=== Exercise objective ===
Your answer should be the lines below from the one with "USB 소형 플러그인" to the one with "Orecca - Liu", both included, given again exactly and with nothing added.

=== Provided material ===

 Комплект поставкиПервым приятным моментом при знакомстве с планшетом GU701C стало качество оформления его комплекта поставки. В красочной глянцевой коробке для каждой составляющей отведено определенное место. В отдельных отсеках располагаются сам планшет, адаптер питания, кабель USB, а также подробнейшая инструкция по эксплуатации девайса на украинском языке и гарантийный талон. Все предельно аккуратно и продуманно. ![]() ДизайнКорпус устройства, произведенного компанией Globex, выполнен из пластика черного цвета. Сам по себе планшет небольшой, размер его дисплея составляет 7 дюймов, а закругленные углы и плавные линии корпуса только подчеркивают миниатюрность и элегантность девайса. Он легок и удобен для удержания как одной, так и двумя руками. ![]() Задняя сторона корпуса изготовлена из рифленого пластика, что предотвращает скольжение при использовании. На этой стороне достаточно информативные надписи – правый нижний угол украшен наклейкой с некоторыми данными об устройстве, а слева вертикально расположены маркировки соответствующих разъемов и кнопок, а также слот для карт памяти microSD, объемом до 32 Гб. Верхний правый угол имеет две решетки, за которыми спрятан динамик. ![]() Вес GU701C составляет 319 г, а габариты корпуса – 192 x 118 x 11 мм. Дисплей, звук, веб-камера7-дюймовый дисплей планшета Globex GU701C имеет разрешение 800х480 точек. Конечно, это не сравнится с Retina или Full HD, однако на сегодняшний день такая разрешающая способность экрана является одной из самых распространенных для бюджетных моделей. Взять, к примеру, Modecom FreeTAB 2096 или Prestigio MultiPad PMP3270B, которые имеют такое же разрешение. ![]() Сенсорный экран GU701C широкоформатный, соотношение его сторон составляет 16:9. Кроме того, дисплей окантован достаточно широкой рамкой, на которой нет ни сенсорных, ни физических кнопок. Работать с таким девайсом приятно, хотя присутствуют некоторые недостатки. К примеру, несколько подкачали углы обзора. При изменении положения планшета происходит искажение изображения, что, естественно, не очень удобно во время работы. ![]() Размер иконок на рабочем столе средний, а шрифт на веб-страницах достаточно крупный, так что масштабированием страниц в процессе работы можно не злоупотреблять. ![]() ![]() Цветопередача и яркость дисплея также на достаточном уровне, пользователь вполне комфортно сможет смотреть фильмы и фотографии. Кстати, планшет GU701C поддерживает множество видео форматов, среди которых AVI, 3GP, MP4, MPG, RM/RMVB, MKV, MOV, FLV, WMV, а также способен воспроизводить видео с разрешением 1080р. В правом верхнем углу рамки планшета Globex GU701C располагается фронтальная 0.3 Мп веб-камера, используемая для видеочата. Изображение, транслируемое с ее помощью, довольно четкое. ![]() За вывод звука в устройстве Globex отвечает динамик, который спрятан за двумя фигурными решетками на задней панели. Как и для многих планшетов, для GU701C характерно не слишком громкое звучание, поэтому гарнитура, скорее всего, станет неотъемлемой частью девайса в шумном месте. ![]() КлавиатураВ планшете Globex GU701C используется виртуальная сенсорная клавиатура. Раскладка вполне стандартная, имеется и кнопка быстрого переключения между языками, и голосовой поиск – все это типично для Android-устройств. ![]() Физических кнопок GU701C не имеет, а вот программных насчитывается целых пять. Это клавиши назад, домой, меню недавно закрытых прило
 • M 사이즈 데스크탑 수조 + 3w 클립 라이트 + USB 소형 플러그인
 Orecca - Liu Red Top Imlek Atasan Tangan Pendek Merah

==

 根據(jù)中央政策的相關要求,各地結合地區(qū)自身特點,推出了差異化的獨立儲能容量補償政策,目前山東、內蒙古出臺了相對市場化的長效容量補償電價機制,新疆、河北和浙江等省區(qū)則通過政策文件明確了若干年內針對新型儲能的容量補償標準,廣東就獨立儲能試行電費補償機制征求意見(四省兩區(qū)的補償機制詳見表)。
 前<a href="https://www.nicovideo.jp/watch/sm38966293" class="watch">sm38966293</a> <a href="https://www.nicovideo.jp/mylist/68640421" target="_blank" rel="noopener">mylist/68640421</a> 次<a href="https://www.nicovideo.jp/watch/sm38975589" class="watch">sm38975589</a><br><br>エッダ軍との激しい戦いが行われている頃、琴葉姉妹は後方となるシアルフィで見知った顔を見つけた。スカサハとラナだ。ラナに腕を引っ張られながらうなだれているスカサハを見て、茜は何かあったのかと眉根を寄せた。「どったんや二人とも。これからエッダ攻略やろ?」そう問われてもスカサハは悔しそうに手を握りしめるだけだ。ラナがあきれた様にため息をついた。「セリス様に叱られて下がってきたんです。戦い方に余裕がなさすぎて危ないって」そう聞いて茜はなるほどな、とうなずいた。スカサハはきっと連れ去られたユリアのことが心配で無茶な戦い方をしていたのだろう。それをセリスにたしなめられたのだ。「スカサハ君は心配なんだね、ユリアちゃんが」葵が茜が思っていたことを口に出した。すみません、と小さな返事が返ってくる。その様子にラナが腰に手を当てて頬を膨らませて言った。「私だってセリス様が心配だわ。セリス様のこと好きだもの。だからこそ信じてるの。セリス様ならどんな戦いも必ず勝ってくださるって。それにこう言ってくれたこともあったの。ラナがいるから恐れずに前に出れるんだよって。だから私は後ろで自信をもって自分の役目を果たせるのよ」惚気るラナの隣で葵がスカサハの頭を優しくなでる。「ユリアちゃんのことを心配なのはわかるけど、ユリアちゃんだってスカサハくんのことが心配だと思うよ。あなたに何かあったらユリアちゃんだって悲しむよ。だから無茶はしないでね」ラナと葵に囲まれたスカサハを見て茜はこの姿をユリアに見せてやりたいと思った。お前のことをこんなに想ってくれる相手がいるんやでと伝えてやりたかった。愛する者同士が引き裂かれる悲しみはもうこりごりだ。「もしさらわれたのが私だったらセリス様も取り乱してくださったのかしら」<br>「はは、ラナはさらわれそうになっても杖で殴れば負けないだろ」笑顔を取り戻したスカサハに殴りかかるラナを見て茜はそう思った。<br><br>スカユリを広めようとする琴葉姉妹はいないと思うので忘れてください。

=== Expected output ===
 • M 사이즈 데스크탑 수조 + 3w 클립 라이트 + USB 소형 플러그인
 Orecca - Liu Red Top Imlek Atasan Tangan Pendek Merah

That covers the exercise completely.